Axouch nodded. No one spoke.
Narses turned back to the logothetes. “I will execute ten of you at random if no one tells me where Paul is—right now.”
“We don’t know, majesty!” one eunuch cried.
Narses pointed to him. “You.”
The guards brought him to the front of the desks. His name was Gerasimos Georgatos of Kephalonia. Narses selected nine more beardless, fat-assed eunuchs, lined them up, and drew his rhompaia.
“I will execute everyone in this room if I have to,” Narses said. “Your jobs are not difficult. Even monkeys can be taught to write letters and do figures.”
The logothetes were tense and silent, their eyes wide, though they were afraid to look at their doomed colleagues or at Narses, so they kept their gazes down on their desks.
Narses raised his rhompaia above Georgatos’s head. Georgatos was crying, and had even wet himself. Finally the eunuch fell on his knees and crawled away, but Narses pressed him to the floor with his boot and held him there like he was a giant insect.
“Please, majesty!” Georgatos cried. “Please, I have only served you, my lord! I have given everything to the empire—my life, my—”
“—manhood.” Narses laughed. “What do you have to live for? What are you so afraid of losing? Your life is worthless.
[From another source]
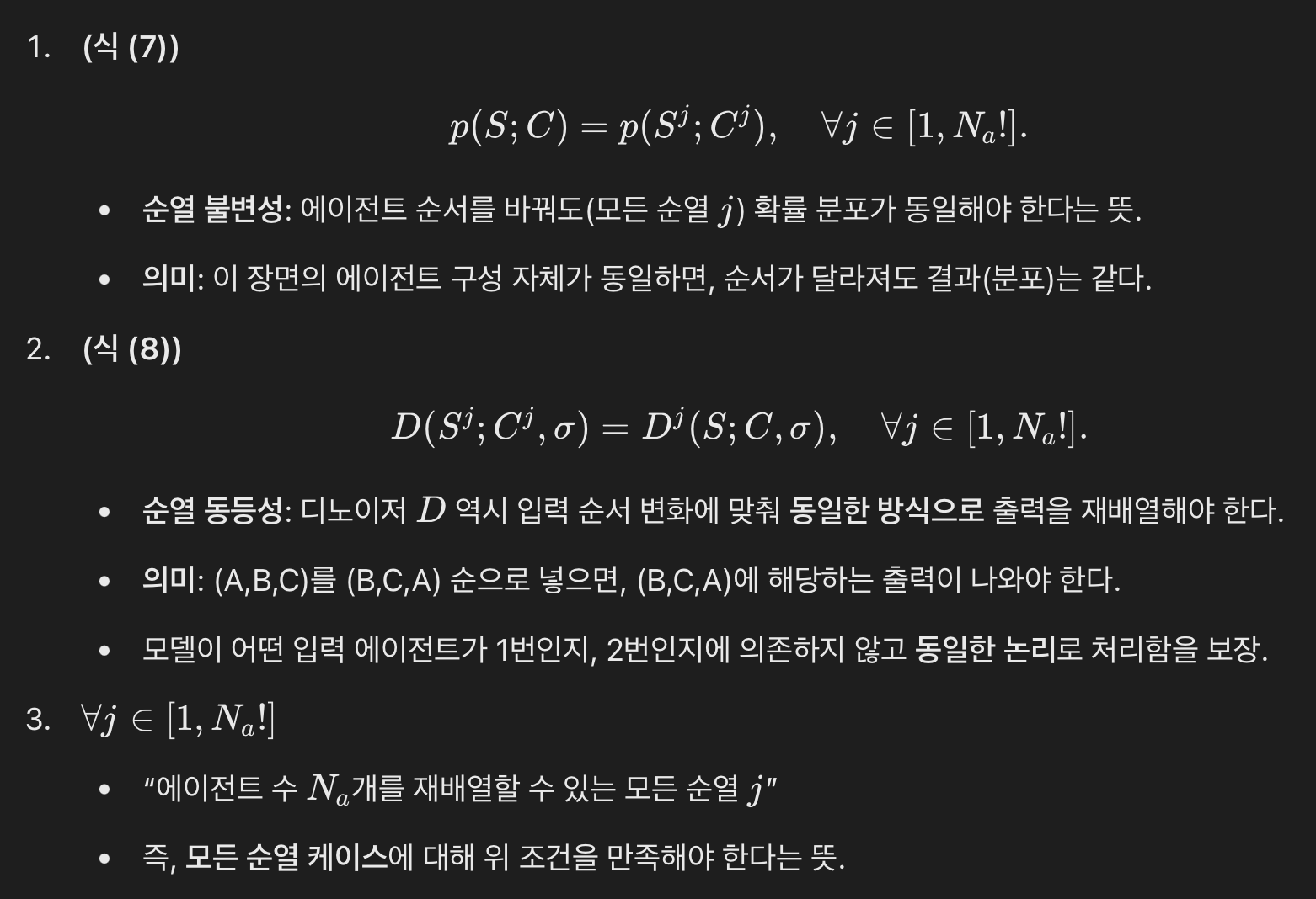 순열 불변 모델이란, “에이전트 배열 순서를 바꿔 입력해도 결과(에이전트별 예측)는 동일한(순서만 바뀌는) 형태”를 의미합니다. 즉, 어떤 에이전트가 먼저 오든 나중에 오든 모델은 동일한 관계와 분포를 학습합니다.

All you do is push paper. A thousand other eunuchs would take your place in a heartbeat if I asked them.”
Georgatos screamed and writhed, but could not escape. Narses was about to skewer him through the back like a bug for display when Sulayman rushed inside the office. The guard was gasping for breath and dripping sweat.
“Aphéntēs.” Sulayman bowed. “Forgive the interruption, aphéntēs.”
Everyone looked at him, including Georgatos—who presumably felt that there was no need to forgive the interruption at all.
“Aphéntēs,” Sulayman said. “My lord, we have him.”
“Where?” Narses said.
“He’s taking sanctuary in Hagia Sophia, aphéntēs.”
Narses was already walking out of the sekreta. “Of course he is. The man who thinks all religion is a superstition is suddenly fascinated with the church. Come on.”
Narses left with Axouch and Sulayman. All the eunuchs remained behind.